Typical desktops have 2 64 bit dimm into 2 channels (64 bits wide each) or 1 channel (128 bits wide).
The M1 Mac's seem to be 8 channels x 16 bits, which is the same bandwidth as a desktop (although running the ram at 4266 MHz is much higher than usual). The big win is you can have 8 cache misses in flight instead of 2. With 8 cores, 16 GPU cores, and 16 ML cores I suspect the M1 has more in flight cache misses than most.
The DDR4 bus is 64-bit, how can you have a 128-bit channel??
Single channel DDR4 is still 64-bit, it's only using half of the bandwidth the CPU supports. This is why everyone is perpetually angry at laptop makers that leave an unfilled SODIMM slot or (much worse) use soldered RAM in single-channel.
> The big win is you can have 8 cache misses in flight instead of 2
Only if your cache line is that small (16 bit) I think? Which might have downsides of its own.
> The DDR4 bus is 64-bit, how can you have a 128-bit channel??
Less familiar with the normal on laptops, but most desktop chips from AMD and Intel have two 64 bit channels.
> Which might have downsides of its own.
Typically for each channel you send an address, (a row and column actually), wait for the dram latency, and then get a burst of transfers (one per bus cycle) of the result. So for a 16 bit wide channel @ 3.2 Ghz with a 128 byte cache line you get 64 transfers, one ever 0.3125 ns for a total of 20ns.

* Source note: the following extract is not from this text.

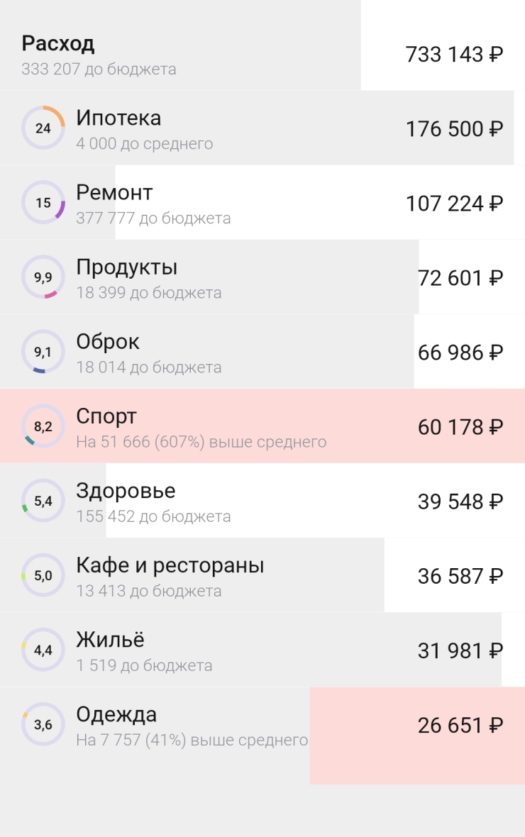 Сентябрь закончился итоговым расходом 733 144 ₽. Из планов сильно выбились траты на спорт — покупка ракетки для мужа и спортивных вещий для дочери, одежду — сказалась подготовка к родам, и на рестораны. Мы чуть больше позволили себе погулять до родов.

Each channel operates independently, so multiple channels can each have a cache miss in flight. Otherwise nobody would bother with independent channels and just stripe them all together.

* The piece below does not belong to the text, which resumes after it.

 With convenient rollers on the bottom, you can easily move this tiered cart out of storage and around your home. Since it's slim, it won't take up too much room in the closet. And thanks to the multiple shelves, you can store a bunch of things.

Here's a graph of cache line throughput vs number of threads.
So with 1,2 you see an increase in throughput, the multiple channels are helping. 4 threads is the same as two, maybe the L2 cache has a bottleneck. But 8 threads is clearly better than 4.
It's pretty common for hardware to support both. On the Zen1 Epyc's for instance some software preferred a consistent latency from stripped memory over the NUMA aware latency with separate channels where the closer dimms have lower latency and the further dimms had higher.
I've seen similar on Intel servers, but not recently. This isn't however typically something you can do at runtime, just boottime, at least as far as I've seen.
But doesn't that only help if you have parallel threads doing independent 16 bit requests? If you're accessing a 64 bit value, wouldn't it still need to occupy four channels?
Depends. Cachelines are typically 64-128 bytes long and sometimes depending on various factors that might be across on memory channel, or spread across multiple memory channels, somewhat like a RAID-0 disk. I've seen servers (opterons I believe) that would allow mapping memory per channel or across channels based on settings in BIOS. Generally non-NUMA aware OS ran better with stripped memory and NUMA aware OSs ran better non-stripped.
So striping a caching line across multiple channels goes increase bandwidth, but not by much. If the dram latency is 70ns (not uncommon) and your memory is running at 3.2 GHz on a single 64 bit wide channel you get 128 bytes in 16 transfers. 16 transfers at 3.2GHz = 5ns. So you get a cache line back in 75ns. With 2 64 bit channels you can get 2 cache lines per 75ns.
So now with a 128 bit wide channel (twice the bandwidth) you wait 70ns then get 8 transfers @ 3.2GHz = 2.5ns. So you get a cache line back in 72.5ns. Clearly not a big difference.
So the question becomes for a complicated OS with a ton of cores do you want one cacheline per 72.5ns (the stripped config) or two cachlines per 75ns (the non-stripped config).
In the 16 bit 8 channel (assuming the same bus speed and latency) you get 8 cacheline per 90ns. However not sure what magic apple has but I'm seeing very low memory latencies on the M1, on the order of 33ns! With all cores busy I'm seeing cacheline througput of a cacheline per 11ns or so.
I believe modern superscalar architectures can run instructions out of order if they don't rely on the same data, so when paused waiting for a cache miss, the processor can read ahead in the code, and potentially find other memory to prefetch. I may be wrong about the specifics, but these are the types of tricks that modern CPUs employ to achieve higher speed.
Sure, but generally a cacheline miss will quickly stall, sure you might have a few non-dependent instructions in the pipeline, but running a CPU at 3+GHz and waiting 70ns is an eternity. Doubly so when you can execute multiple instructions per cycle.
The M1 Mac's seem to be 8 channels x 16 bits, which is the same bandwidth as a desktop (although running the ram at 4266 MHz is much higher than usual). The big win is you can have 8 cache misses in flight instead of 2. With 8 cores, 16 GPU cores, and 16 ML cores I suspect the M1 has more in flight cache misses than most.